We may be Actors and Actresses (with
capital “A’s”) to the public; we
may have our names in big letters on the billboards
and in the programs; but to The Old Folks At Home
we are just the same no-account boys and girls we
always were. We may be Headliners in New York,
Boston, Chicago and San Francisco, but back home we
are still just Jimmie and Johnnie and Charlie that
“went on the stage.”
Charlie Smith, of Smith & Campbell,
in his younger days used to drive a delivery wagon
for his father’s fish market. But tiring
of the fish business he started out to be “a
Acter.” At the end of five years he
had reached a point where the team commanded (and
sometimes got) a salary of eighty dollars a week.
As driver of the fish wagon he had received eight.
And he determined to go home and “show them.”
Dressing the part properly for his “grand entre”
put a fearful dent in his “roll”; so much
so that he had to change what remained into one and
two dollar bills in order to “make a flash.”

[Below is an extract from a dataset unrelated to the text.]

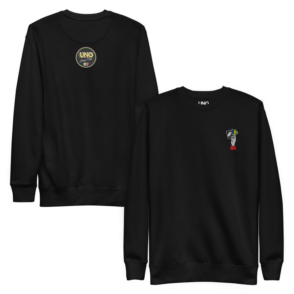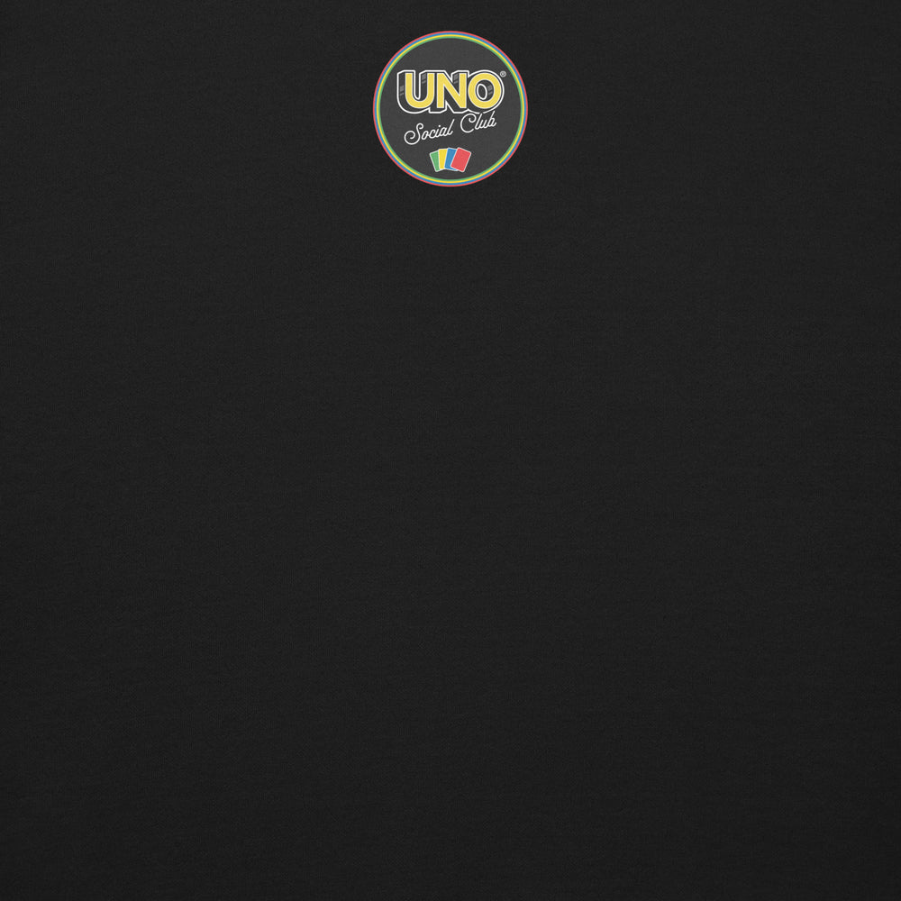 Rock our classic UNO Social Club Black Sweatshirt with ribbed crew neck, long sleeve cuffs, and a flat hem. Layer it up or wear it on its own for a contemporary streetwear look. With the soft fleece inside and comfortable fit, it’s sure to become your favorite everyday sweater right away! This exclusive UNO design is only available through Mattel Creations.

But when he struck the old home town
he was “a lily of the valley”; he had
a Prince Albert coat, a silk hat, patent-leather shoes,
an almost-gold watch and chain, a pretty-near diamond
stud and ring and the roll of ones and twos, with
a twenty on the outside.
After supper, sitting around the fire,
he started in telling them what a success he was;
he told them of all the big theaters he had appeared
in; how good the newspapers said he was; what a large
salary he received, etc., etc.
All seemed highly impressed; all except
Father; finally, after a couple of hours of it, he
could contain himself no longer, and burst out
“Say, when are you going to
stop this dumb fool business and come back and go
to driving that wagon again?”
Ed Grey, “the Tall Story Teller,”
went from a small country town on to the stage.
It was ten years before he ever came back to play the
home town. When he did the whole town turned
out en masse; the Grey family ditto; after
the show the family was seated around the dining-room
table, talking it over. Mother sat beside her
big boy, proud and happy. The others were discussing
the show.
“That Mister Brown was awful good.”
“Oh, but I liked that Blink & Blunk the best.”

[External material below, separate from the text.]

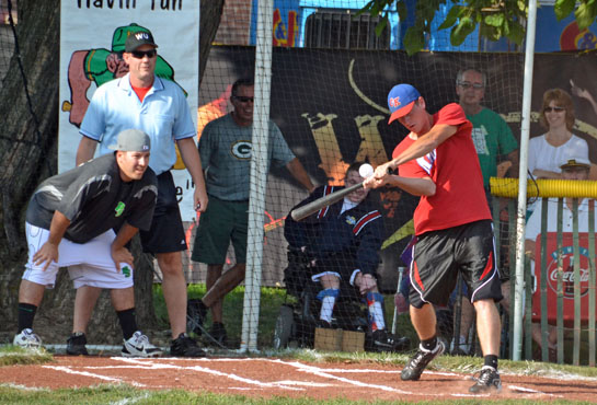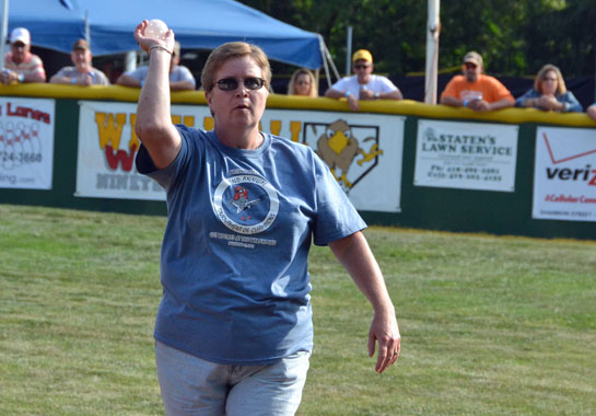 Wren resident Susan Huffman (above) throws out the first pitch to open this year’s Wiffleball Warehouse tournament in that village on Friday evening. First-round tournament action got underway soon afterwards as Yoder Trucking and Putman Stables (below) took to the field at Wrenway Park for the first tourney game. (photos by Dave Mosier/Van Wert independent)

“That Miss Smith was awful sweet.”
But not a word did any one have to
say about “Eddie.” Finally he burst
out
“Well, how was I?”
There was an ominous pause, and then
Mother, reaching over and patting his knee lovingly,
said,
“Now, don’t you care, Eddie, as long as
you get your money.”
Cliff Gordon’s father doesn’t
believe it yet. Cliff was playing in New
York and stopping at home.
“Vere you go next veek, Morris?” asked
Father.
“Orpheum, Brooklyn,” replied Cliff.
“How mooch vages do you get dere?”
“Three fifty.”
“Tree huntret unt fifty tollars?”
“Uh huh.”
Father nodded his head, sighed deeply, thought a minute,
then
“Then vere do you go?”
“Alhambra, New York.”
“How mooch?”
“Three fifty.”
“Then vere?”
“Keith’s, Philadelphia.”
“How mooch you get ofer dere?”
“Just the same; three fifty.”
Father sighed again, thought deeply
for a few minutes, then, with another sigh, said,
half to himself,
“Dey can’t all be crazy.”
Tim McMahon (McMahon & Chapelle) had
a mother who did not believe theaters were proper
and Tim had a hard time getting her to come to see
him at all. But finally she came to see her “Timmite”

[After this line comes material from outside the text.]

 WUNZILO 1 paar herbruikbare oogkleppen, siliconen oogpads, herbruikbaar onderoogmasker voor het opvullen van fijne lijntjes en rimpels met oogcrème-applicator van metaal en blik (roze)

act. It was a big show, ten acts, and Tim was
on number nine. After the show was over Tim went
around in front of the house to meet her; she came
out so indignant she could hardly speak.
“Why, what’s the matter? Wasn’t
I good?” asked Tim.
“Yis, sor, you was; you
was as good as iny of them; you was better
than any of thim; and they had no right to let thim
other eight acts on foreninst ye: You ought
to have come on first, Timmie.”
The first time Josephine Sabel’s
father and mother saw her on the stage she was in
the chorus of a comic opera company and was wearing
tights. Mother ran out of the theater and Father
tried to climb up over the footlights to get at Josephine
and got put out.
Charlie Case had been on the stage
for years before he ever got a chance to play his
home town; then he came in with a minstrel show; he
had a special lithograph, showing him standing beside
an Incubator, which was hatching out new jokes every
minute.
The house was crowded and Charlie
was even more nervous than usual. Everybody else
in the show got big receptions; Charlie walked out
to absolute silence. He talked five minutes to
just as absolute silence; then, discouraged, he stopped
to take a breath; the instant he stopped the house
was in a pandemonium; they really thought he was great,
but hadn’t wanted to interrupt him. After
that he would tell a joke and then wait; he was a
knockout.
Later he was talking it over at home:
“Why, that awful silence had
me rattled,” he said; “I couldn’t
even remember my act; I left out a lot of it.”
“Yes,” said his father;
“we noticed you forgot to bring on your Incubator.”